--- Material shown ---
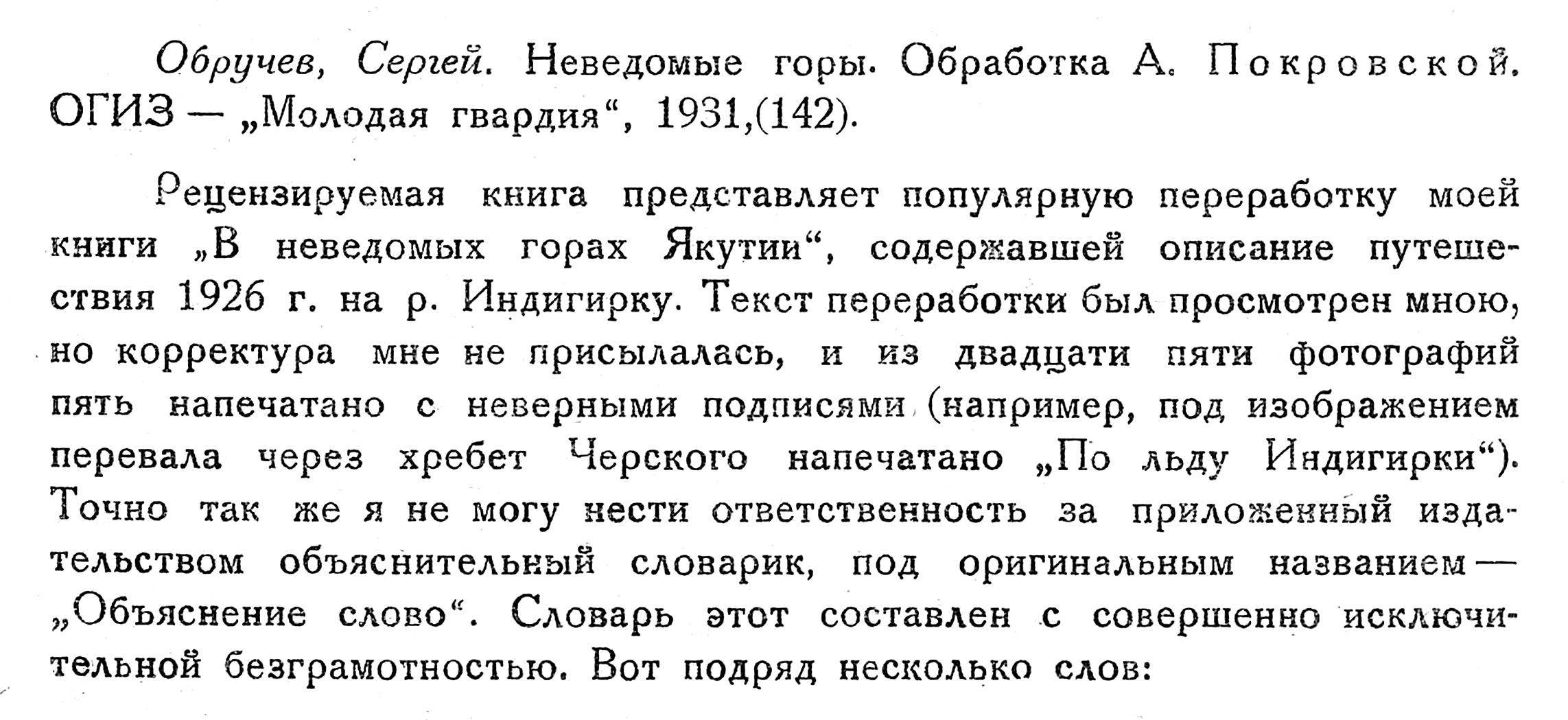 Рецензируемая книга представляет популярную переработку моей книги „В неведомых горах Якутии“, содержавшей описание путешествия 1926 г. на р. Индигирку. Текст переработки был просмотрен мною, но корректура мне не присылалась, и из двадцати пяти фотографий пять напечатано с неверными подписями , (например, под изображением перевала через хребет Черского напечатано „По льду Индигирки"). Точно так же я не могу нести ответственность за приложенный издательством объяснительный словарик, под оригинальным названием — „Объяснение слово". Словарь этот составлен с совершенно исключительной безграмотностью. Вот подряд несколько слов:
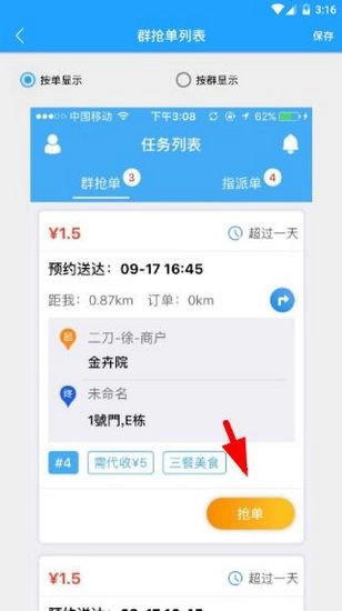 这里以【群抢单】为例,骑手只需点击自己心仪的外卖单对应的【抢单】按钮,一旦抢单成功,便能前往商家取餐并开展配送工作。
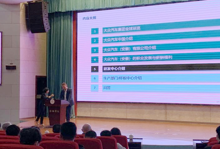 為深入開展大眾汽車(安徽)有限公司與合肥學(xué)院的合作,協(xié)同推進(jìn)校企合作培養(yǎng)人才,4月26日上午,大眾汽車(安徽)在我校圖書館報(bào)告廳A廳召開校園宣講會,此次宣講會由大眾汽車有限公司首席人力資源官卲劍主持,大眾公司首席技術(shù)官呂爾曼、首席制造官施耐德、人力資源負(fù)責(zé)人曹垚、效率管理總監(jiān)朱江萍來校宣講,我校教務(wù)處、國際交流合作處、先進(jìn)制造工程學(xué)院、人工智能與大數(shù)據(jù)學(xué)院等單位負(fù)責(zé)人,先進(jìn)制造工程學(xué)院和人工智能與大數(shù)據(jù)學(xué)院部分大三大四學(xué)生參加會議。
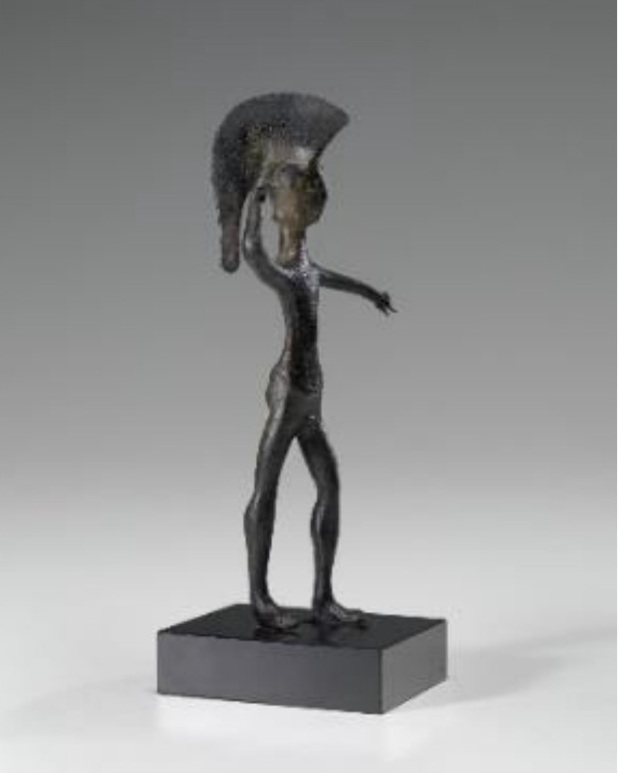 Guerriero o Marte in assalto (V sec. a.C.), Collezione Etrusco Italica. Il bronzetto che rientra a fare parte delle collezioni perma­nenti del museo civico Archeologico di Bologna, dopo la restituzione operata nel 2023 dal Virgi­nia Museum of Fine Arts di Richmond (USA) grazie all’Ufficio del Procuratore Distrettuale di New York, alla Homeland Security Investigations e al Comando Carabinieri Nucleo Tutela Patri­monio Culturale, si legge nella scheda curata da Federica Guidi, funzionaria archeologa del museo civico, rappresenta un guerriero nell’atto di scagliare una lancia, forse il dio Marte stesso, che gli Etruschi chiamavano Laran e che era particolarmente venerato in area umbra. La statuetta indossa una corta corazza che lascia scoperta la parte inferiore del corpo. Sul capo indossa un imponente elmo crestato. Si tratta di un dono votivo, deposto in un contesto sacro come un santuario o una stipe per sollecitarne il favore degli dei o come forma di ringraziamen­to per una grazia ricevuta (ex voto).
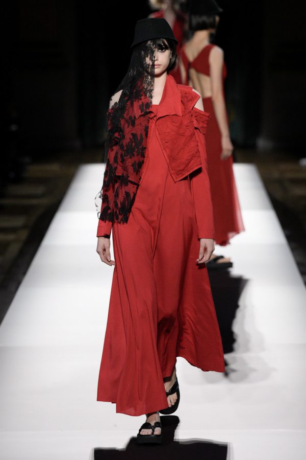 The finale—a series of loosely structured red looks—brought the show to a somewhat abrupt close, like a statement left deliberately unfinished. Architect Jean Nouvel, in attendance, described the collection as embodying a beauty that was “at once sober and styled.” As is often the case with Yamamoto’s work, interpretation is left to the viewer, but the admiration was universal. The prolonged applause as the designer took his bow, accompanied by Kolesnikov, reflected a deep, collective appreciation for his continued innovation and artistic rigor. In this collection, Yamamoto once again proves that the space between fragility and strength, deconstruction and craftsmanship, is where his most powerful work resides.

--- Exercise description ---
Restate the listing word for word, pictures omitted.

--- Exercise output ---
 Рецензируемая книга представляет популярную переработку моей книги „В неведомых горах Якутии“, содержавшей описание путешествия 1926 г. на р. Индигирку. Текст переработки был просмотрен мною, но корректура мне не присылалась, и из двадцати пяти фотографий пять напечатано с неверными подписями , (например, под изображением перевала через хребет Черского напечатано „По льду Индигирки"). Точно так же я не могу нести ответственность за приложенный издательством объяснительный словарик, под оригинальным названием — „Объяснение слово". Словарь этот составлен с совершенно исключительной безграмотностью. Вот подряд несколько слов:
 这里以【群抢单】为例,骑手只需点击自己心仪的外卖单对应的【抢单】按钮,一旦抢单成功,便能前往商家取餐并开展配送工作。
 為深入開展大眾汽車(安徽)有限公司與合肥學(xué)院的合作,協(xié)同推進(jìn)校企合作培養(yǎng)人才,4月26日上午,大眾汽車(安徽)在我校圖書館報(bào)告廳A廳召開校園宣講會,此次宣講會由大眾汽車有限公司首席人力資源官卲劍主持,大眾公司首席技術(shù)官呂爾曼、首席制造官施耐德、人力資源負(fù)責(zé)人曹垚、效率管理總監(jiān)朱江萍來校宣講,我校教務(wù)處、國際交流合作處、先進(jìn)制造工程學(xué)院、人工智能與大數(shù)據(jù)學(xué)院等單位負(fù)責(zé)人,先進(jìn)制造工程學(xué)院和人工智能與大數(shù)據(jù)學(xué)院部分大三大四學(xué)生參加會議。
 Guerriero o Marte in assalto (V sec. a.C.), Collezione Etrusco Italica. Il bronzetto che rientra a fare parte delle collezioni perma­nenti del museo civico Archeologico di Bologna, dopo la restituzione operata nel 2023 dal Virgi­nia Museum of Fine Arts di Richmond (USA) grazie all’Ufficio del Procuratore Distrettuale di New York, alla Homeland Security Investigations e al Comando Carabinieri Nucleo Tutela Patri­monio Culturale, si legge nella scheda curata da Federica Guidi, funzionaria archeologa del museo civico, rappresenta un guerriero nell’atto di scagliare una lancia, forse il dio Marte stesso, che gli Etruschi chiamavano Laran e che era particolarmente venerato in area umbra. La statuetta indossa una corta corazza che lascia scoperta la parte inferiore del corpo. Sul capo indossa un imponente elmo crestato. Si tratta di un dono votivo, deposto in un contesto sacro come un santuario o una stipe per sollecitarne il favore degli dei o come forma di ringraziamen­to per una grazia ricevuta (ex voto).
 The finale—a series of loosely structured red looks—brought the show to a somewhat abrupt close, like a statement left deliberately unfinished. Architect Jean Nouvel, in attendance, described the collection as embodying a beauty that was “at once sober and styled.” As is often the case with Yamamoto’s work, interpretation is left to the viewer, but the admiration was universal. The prolonged applause as the designer took his bow, accompanied by Kolesnikov, reflected a deep, collective appreciation for his continued innovation and artistic rigor. In this collection, Yamamoto once again proves that the space between fragility and strength, deconstruction and craftsmanship, is where his most powerful work resides.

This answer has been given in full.